WHAT THIS TASK INVOLVES: Starting with the first line of the data below, copy each line up to and including the one containing "ภาพที่ 1- 38". Pictures stay out.

DATA FOR THE TASK:
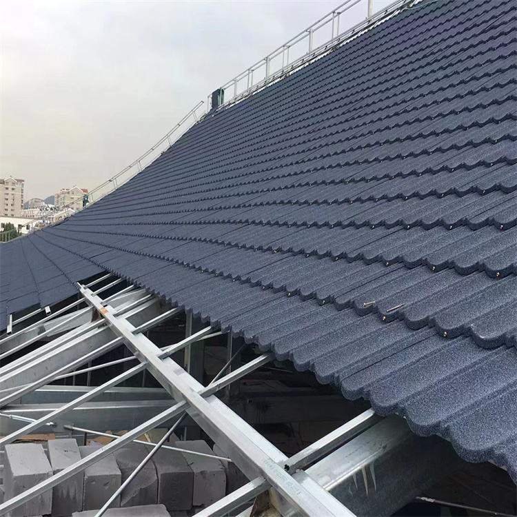 彩石金屬瓦,是采用高新技術(shù)生產(chǎn)的,以防腐性能優(yōu)異的鍍鋁鋅鋼板為基板,以水性丙烯酸酯為粘合劑,以燒結(jié)彩砂為面層,再以耐候性極強的丙烯酸樹脂為外表層(相當(dāng)于油漆)的新型高級屋面材料。因其美觀、輕巧、耐用、環(huán)保,近年來已經(jīng)成為國際屋面材料的主流產(chǎn)品,國內(nèi)高檔建筑使用。
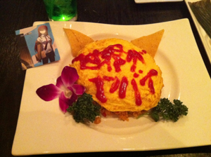 唐揚げやハニトーに目移りしつつ、頼んだのはフェイリスのネコミミオムライス。
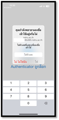 ภาพที่ 1- 38 แสดงหน้าจอโทรศัพท์ ในขั้นตอนการใส่ยืนยันรหัสความปลอดภัย 2 ชั้นใน แอปพลิเคชัน Authenticator
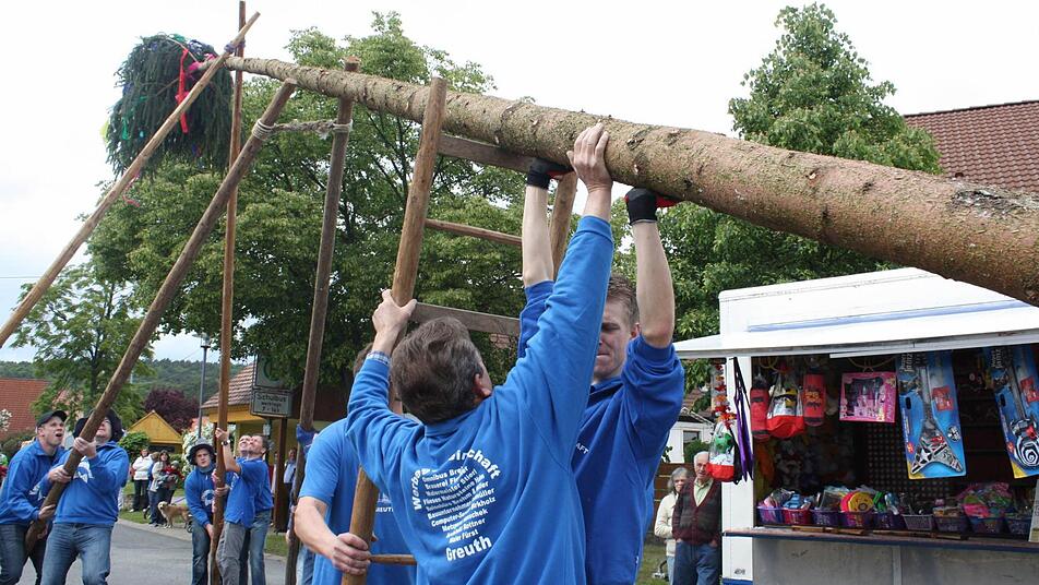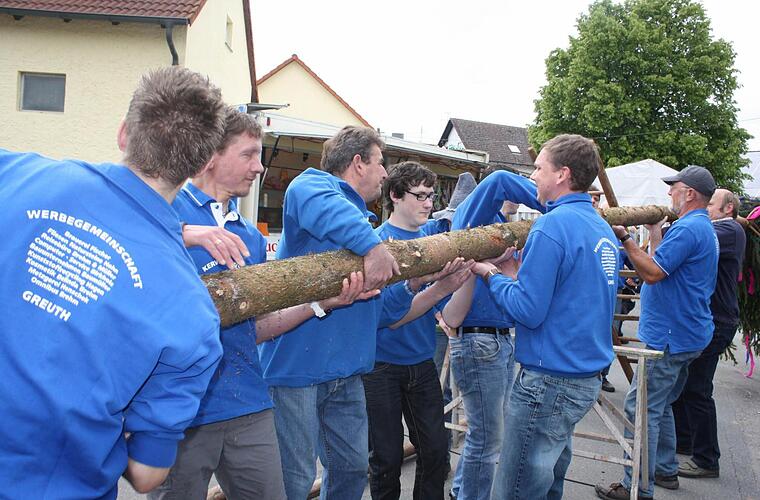 19 Meter Baum waren es, den die Männer von der Kerwagemeinschaft Greuth am Samstag locker in die Höhe brachten. Kein Rekordmaß, aber darauf legen sie auch überhaupt keine Wert. Unter Ansage und Leitung von Wolfgang Ackermann wusste denn auch jeder, wo und wie er anpacken musste, damit das Kirchweihsymbol auch bald an seinem Platz stand. Das Wetter meinte es gut mit Aktiven und Zuschauern - drohende Regenwolken hatten sich rechtzeitig verzogen.
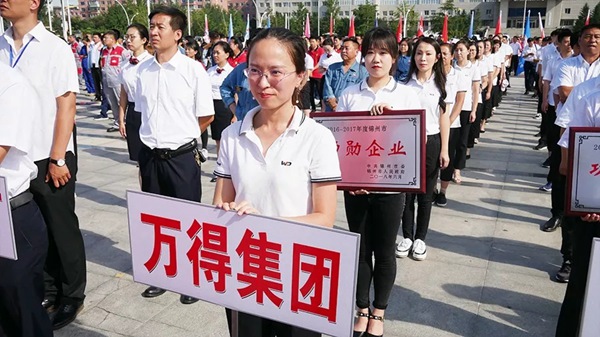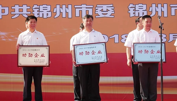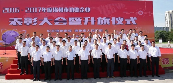 8月17日,市府广场彩球高悬、彩旗飘扬,“深入实施工业强市战略、促进锦州振兴发展”的标语迎风招展。“2016-2017年度锦州市功勋企业表彰大会暨升旗仪式”在这里隆重举行,全市共有50户骨干企业受表彰。人生就是博尊龙凯时集团以年营业收入、交纳税金、社会贡献等综合指标位列前三甲的业绩名列其中,这是继2015年度获奖后第二次获此殊荣。集团董事长兼总裁曾庆东代表集团从市领导手中接过“功勋企业”牌匾。

ANSWER TO THIS TASK:
 彩石金屬瓦,是采用高新技術(shù)生產(chǎn)的,以防腐性能優(yōu)異的鍍鋁鋅鋼板為基板,以水性丙烯酸酯為粘合劑,以燒結(jié)彩砂為面層,再以耐候性極強的丙烯酸樹脂為外表層(相當(dāng)于油漆)的新型高級屋面材料。因其美觀、輕巧、耐用、環(huán)保,近年來已經(jīng)成為國際屋面材料的主流產(chǎn)品,國內(nèi)高檔建筑使用。
 唐揚げやハニトーに目移りしつつ、頼んだのはフェイリスのネコミミオムライス。
 ภาพที่ 1- 38 แสดงหน้าจอโทรศัพท์ ในขั้นตอนการใส่ยืนยันรหัสความปลอดภัย 2 ชั้นใน แอปพลิเคชัน Authenticator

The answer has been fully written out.